I have some code for performing some operations using the pathos extension of the multiprocessing library. My question is how to employ a more complex worker function - in this case named New_PP
. How should I format the thpool line to handle a dictionary that my worker function requires in order to give me a result. Python defaults dictionaries to global variables, but within the scope of the worker function I get an error related to this dictionary (access_dict
) not being found, so how can I send in the dictionary or ensure it is available to my worker thread.
Nchunks = 10
thpool = pathos.multiprocessing.ThreadingPool()
mppool = pathos.multiprocessing.ProcessingPool()
Lchunk = int(len(readinfiles) / Nchunks)
filechunks = chunks(readinfiles, 10)
for fnames in filechunks:
files = (open(name, 'r') for name in fnames)

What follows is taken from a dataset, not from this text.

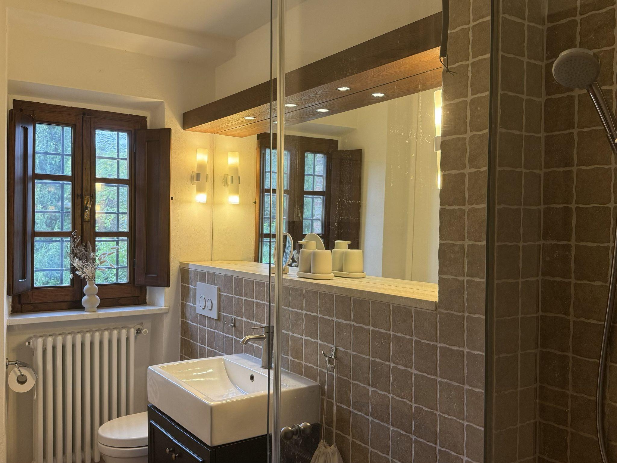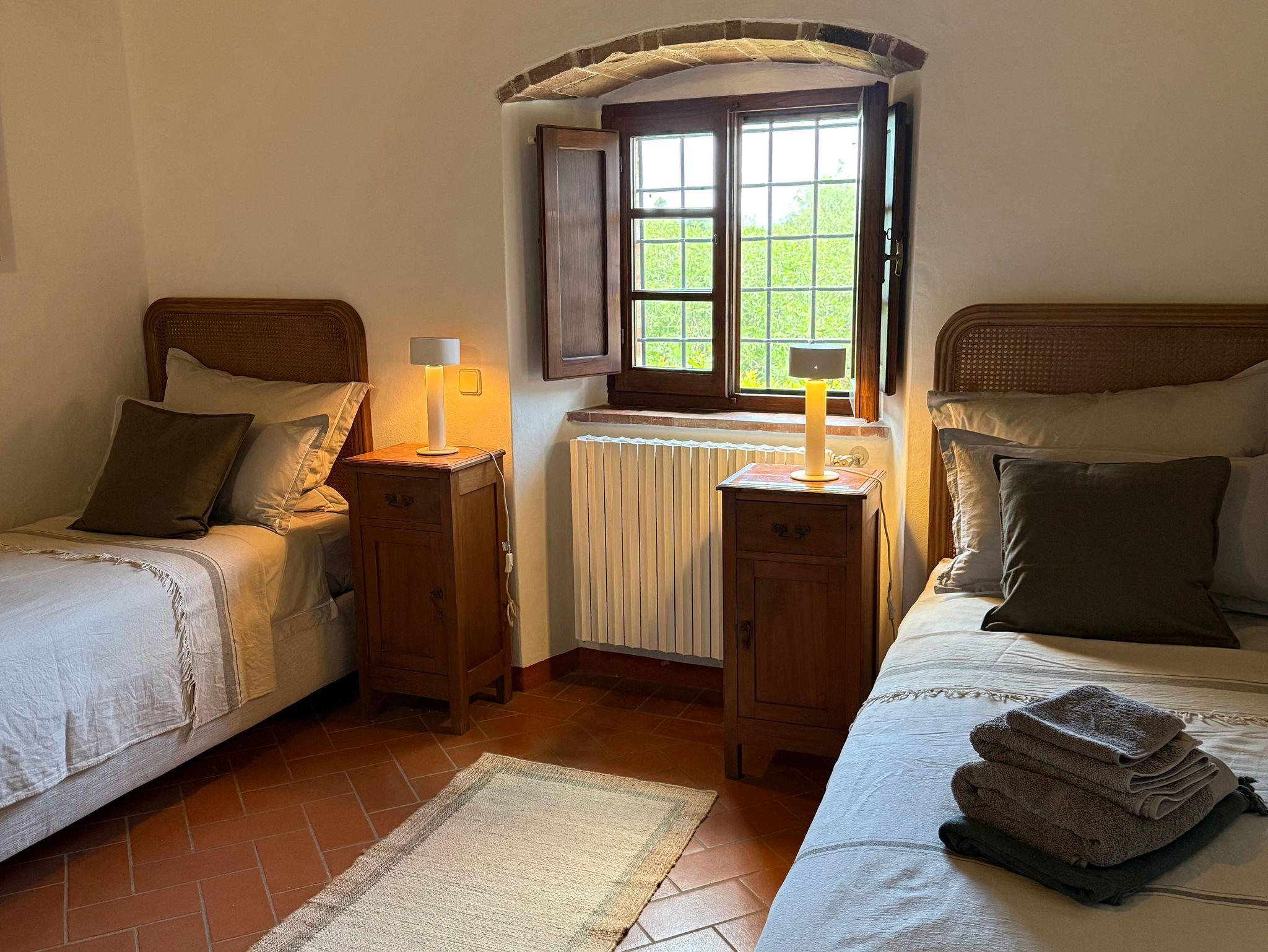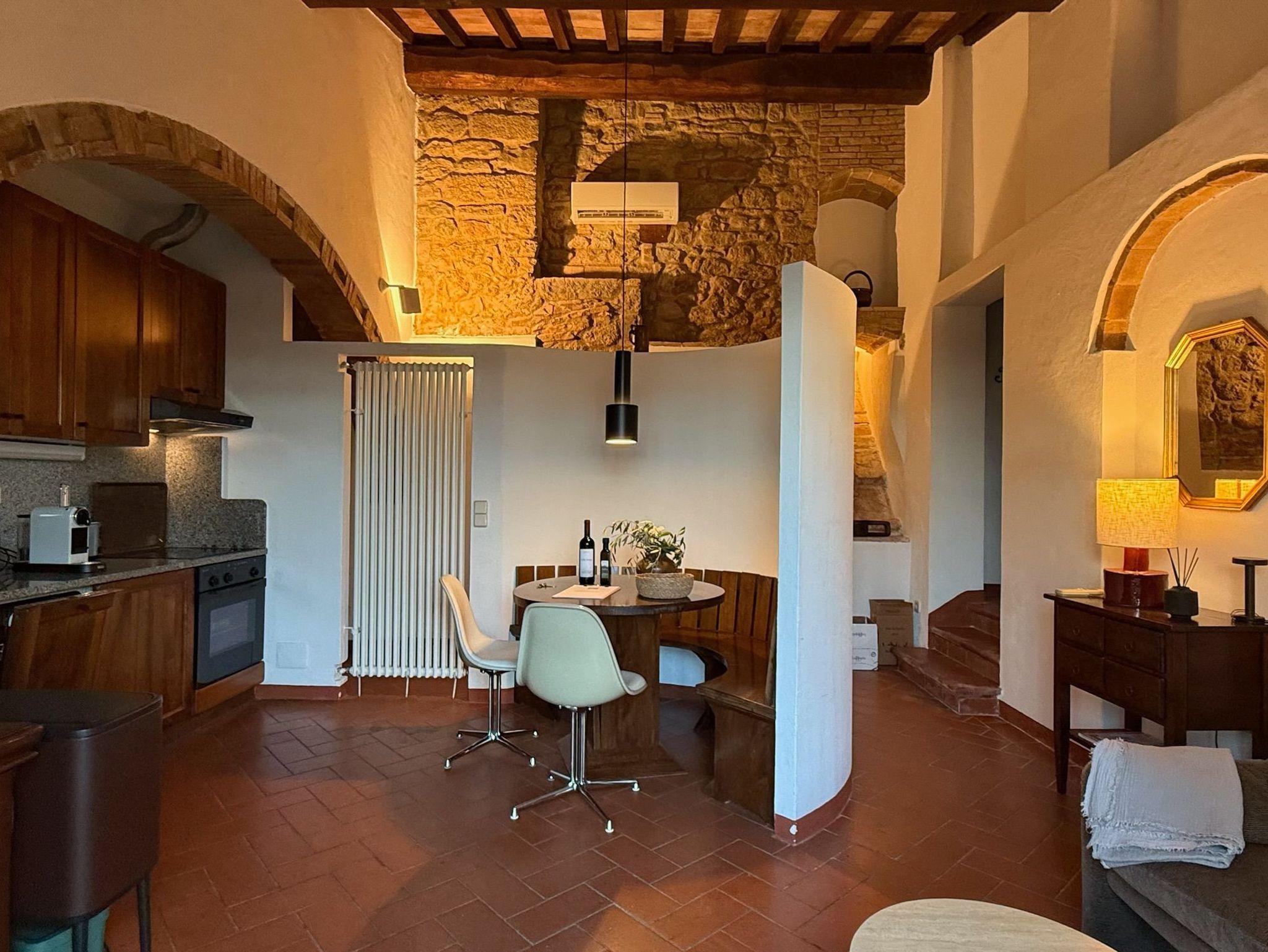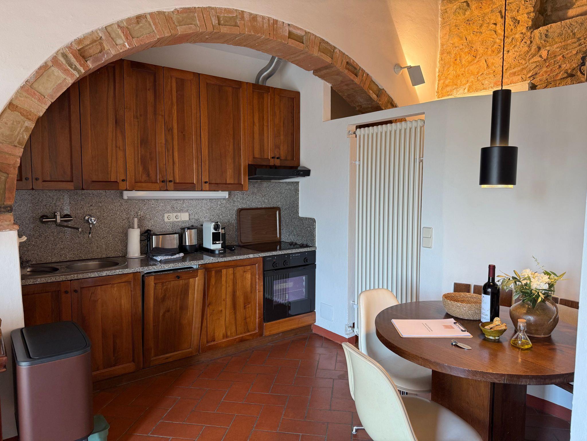 Podere Cortilla ist ein toskanisches Weingut, ein altes Landhaus, gelegen auf einem Berghang nahe der alten Etruskerstadt Volterra in einer der schönsten Landschaften der Toskana. Im Landhaus gibt es fünf Ferienwohnungen mit insgesamt etwa 20 Betten. Zum Objekt gehören mehr als 20 Hektar Land mit Wald, Wiesen, Feldern, Weinbergen und Olivenhainen. Podere Cortilla ist eine azienda agrituristica, das ist ein Bauernhof, in dem zugleich auch Ferienwohnungen vermietet werden. Hier bekommen Sie naturreinen Wein und bestes Olivenöl aus eigener Produktion - direkt in der fattoria. Podere Cortilla wurde in mehrjähriger Arbeit liebevoll restauriert, die rustikale mittelalterliche Bausubstanz mit dem heute möglichen Komfort verbunden. Alle Wohnungen sind großzügig geschnitten und komfortabel in toskanischem Stil eingerichtet. Sie liegen in separaten Gebäudeteilen mit eigenen Eingängen, so dass Sie ungestört wohnen. Ein Highlight für alle Gäste ist der schön gelegene große Pool (14m x 7m) mit moderner Salzwasseranlage statt Chlor. Ein zentraler Grillplatz lädt ein zu sommerlichen Mahlzeiten im Freien. Es gibt eine leistungsstarke Solaranlage für die eigene Stromversorgung auf dem geräumigen Carport, auch die Warmwasserzubereitung erfolt mit Sonnenernegie.

res = thpool.map(mppool.map, [New_PP]*len(fnames), files)
print res[0][0]
And the worker function:
def New_PP(line):
split_line = line.rstrip()
if len(split_line) > 1:
access_dict[4] ....
How can the worker function get at access_dict
?
I have also tried to wrap up my function inside a class as follows:
class MAPPP:
def New_PP(self, line):
self.mytype = access_dict
return my_type
def __init__(self, value_dict):
self.access_dict = access_dict
and:
mapp = MAPPP(value_dict)
print mapp.value_dict
res = thpool.map(mppool.map, [mapp.New_PP]*len(fnames), files)
However I get the same issue.